Abstract

Bulbar respiratory neurons display rhythmic fluctuations of membrane potential in synchrony with the respiratory cycle. These undulatory potentials are largely dependent upon the periodically arriving synaptic activities. Intrinsic membrane properties also play a certain important role in the generation or modulation of these potentials. Several types of ionic conductance have been demonstrated in the presumed respiration-related neurons in the brainstem slices2, 3. However, since these neurons in tissue slices usually lack the spontaneous rhythmic modulation in membrane potential, the identification of the neuron type based upon the spontaneous patterns of firing and membrane potential fluctuations is yet uncertain.
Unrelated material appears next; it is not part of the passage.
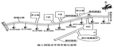施工現(xiàn)場(chǎng)總平面布置示意圖如下圖所示,現(xiàn)場(chǎng)需在A、B、C三個(gè)區(qū)域分別布置橋梁梁板預(yù)制場(chǎng)(含水泥混凝土拌合站)、水泥穩(wěn)定土拌合站和承包人駐地三種臨時(shí)工程。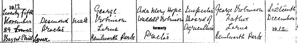 1912 Nov 25. Born Dublin. Son of George Robinson and Ada Proctor

Moreover, it is hard to know at what timing any specific ionic conductance becomes active in the respiratory cycle change in membrane potential observed in different types of the respiratory neuron. Nonetheless, an intact brainstem preparation has also an inherent drawback to exclude the contamination of ionic currents mediated by action potentials and postsynaptic potentials4, 5. The coaxial multi-barrelled microelectrode technique6 can partly overcome these difficulties as it allows an in vivo intracellular recording of membrane potential in conjunction with an extracellular iontophoresis of drugs which could block action potentials and synaptic waves in the recorded neuron. The present study was aimed at elucidating the possible synaptic and non-synaptic mechanisms by which the periodic fluctuations of membrane potential are shaped in bulbar respiratory neurons of the ventral respiratory group.